Ich brauche bei einer sich so offenbarenden Wirklichkeit nicht zu betonen, dass die Beschaffenheit eines Traumes nicht wesentlich anders ist. Der für uns wohl wichtigste Aspekt ist, dass wir den Traum den wir des Nachts träumen auf andere Weise erfahren, sodass die daraus entstehenden Konsequenzen – z.B. bei einem Unfall – nicht so gravierende Auswirkungen auf unsere Zukunft haben. Dennoch bleibt die faszinierende Realität unserer materiellen Welt bestehen.

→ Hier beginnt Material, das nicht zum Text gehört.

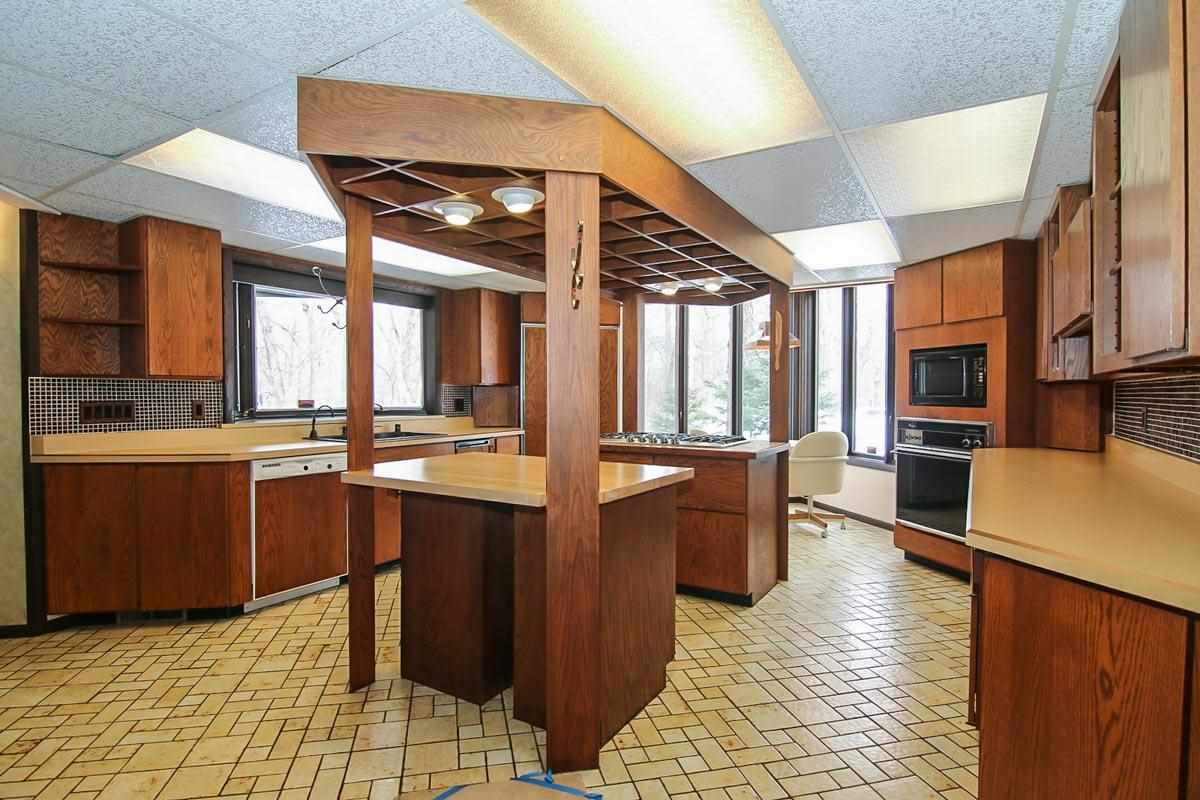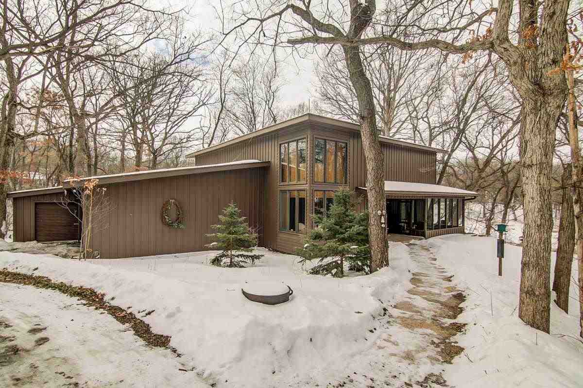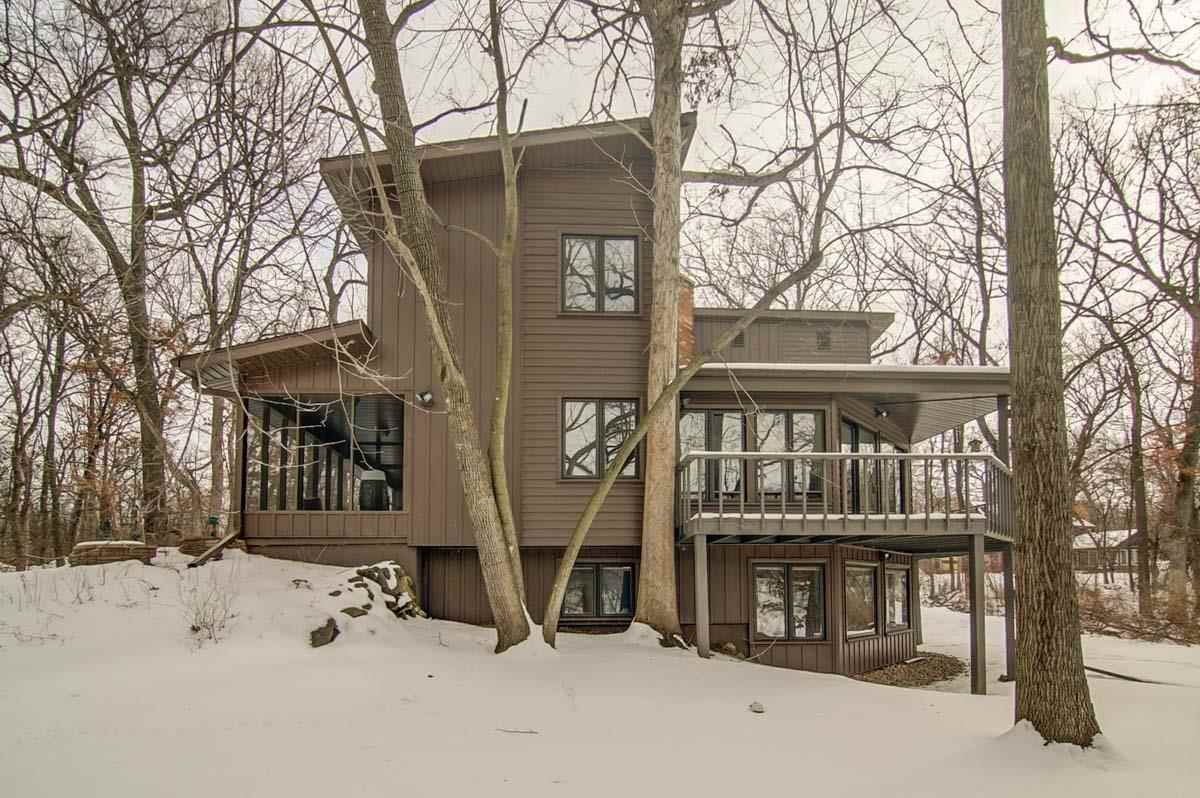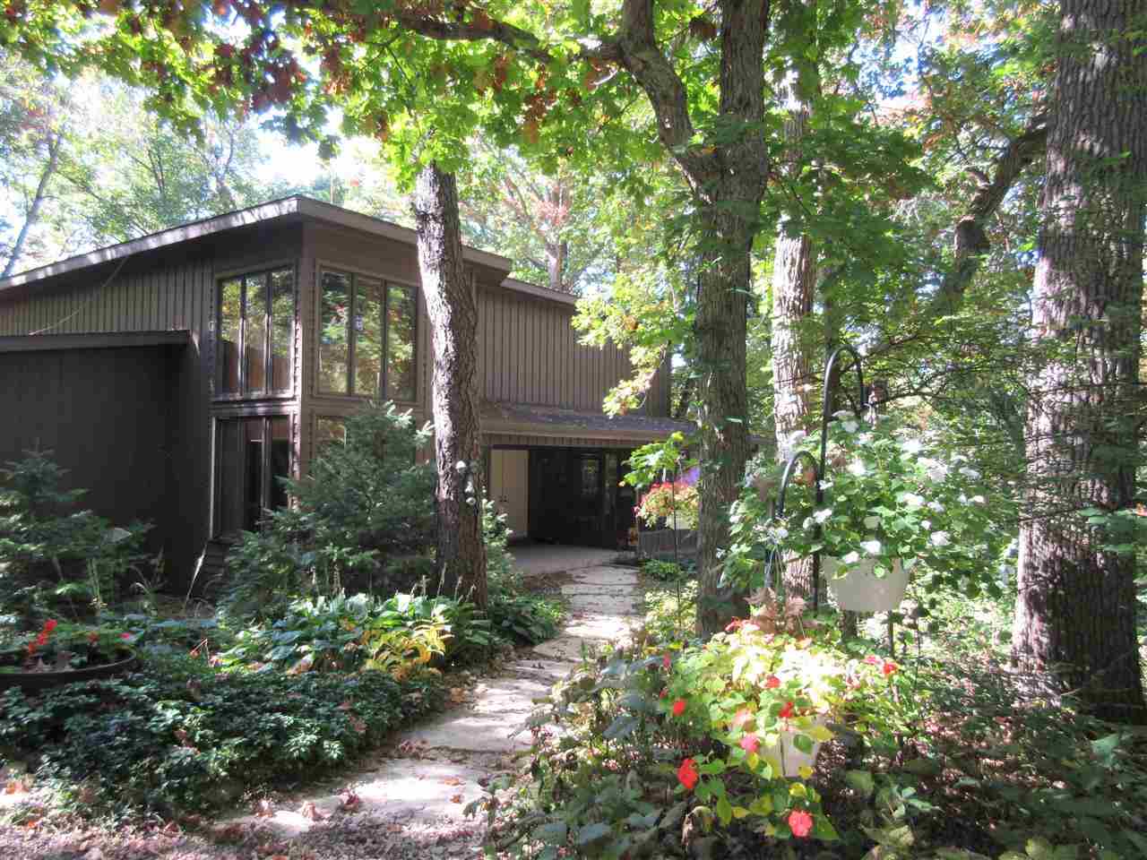 Fantastic custom contemporary home on over 1.5 acres of wooded privacy! Spectacular views backing to green space. Unique design w/ interesting architecture & large open spaces w/ windows galore! Vaulted ceilings & stunning FP w/ copper hood! Huge Great Room! Retractable wall to separate spaces! The UL has 2 large BRs & Bath with dbl sinks & jetted tub! One BR has a free-standing FP & huge space for W/I Closet! Walk-out LL w/ huge Rec Rm, 2 add'l BRs & full Bath! Giant wrap around deck & screen porch!

Wir sind zwar ganz und gar in dem laufenden Szenario involviert, dürfen aber, aufgrund der eben genannten, wissenschaftlich erforschten Gegebenheiten davon ausgehen, dass Gedanken und Gefühle mit der Realität in der wir leben, auf ihre eigene Weise,  genauso viel zu tun hat, wie eine rein körperliche Aktion. Ja, sie könnte – und das halte ich für unser allgemeines Wohlbefinden für ausschlaggebend, unsere Beziehung sowohl zum Leben als auch zum Sterben grundlegend verändern.

Als ich dann von meinem Tagesausflug wieder in Richtung Wasserfall zurückkehrte, wurde mir im Anblick der steilen Schlucht das Folgende bewusst:

„Das menschliche Leben ist im Vergleich zum Zeitraum dieser großen Bewegungen (dem Graben des Wassers über Jahrmillionen in harten Stein) eine solch kurze Erscheinung, dass man es mit dem einer Fliege vergleichen könnte. Wir bewegen uns inmitten dieser Ereignisse, meist ohne davon betroffen zu werden. Und doch sind wir aus dem identisch gleichen Stoff gemacht.“

Das „Element“, das „Feld“, das „Universum“ bzw. die göttliche Urkraft, aus der diese Mahnmale der Zeit hervorgehen, bildet gleichzeitig die Grundlage, bzw. den Stoff aus dem wir, der Mensch, gemacht ist.
Dabei gehe ich inzwischen nicht mehr davon aus, dass wir von dieser Kraft irgendwann einmal gemacht wurden, um uns dann selbst überlassen zu sein, sondern dass wir diese Kraft sind, und sie im Bewusstsein dessen zum immer besseren, eindeutigerem Ausdruck bringen können. Das Göttliche will sich, wie auch im Rest der Natur, in uns gespiegelt sehen!

Als ich an diesem Abend zurück in mein Lager ging, waren meine Schritte sehr langsam und verhalten. Es gab keinen Grund mehr zur Eile. Der Eindruck der Göttlichen Realität in der Natur, hatte mich so ergriffen, dass ich eine bleibende Veränderung erfahren durfte.

Nicht umsonst suchen wir die Natur heim, wenn wir uns verloren fühlen. Was ich mit in mein Zelt nehmen durfte, ist die Wirklichkeit, dass die Urkraft aus der Universen hervorgehen, meine Brust hebt und senkt, mich denkt und lenkt, und es einzig meine Aufgabe ist, diese Erfahrung zu teilen.
Ich bedanke mich von tiefstem Herzen dafür und für Eure Aufmerksamkeit!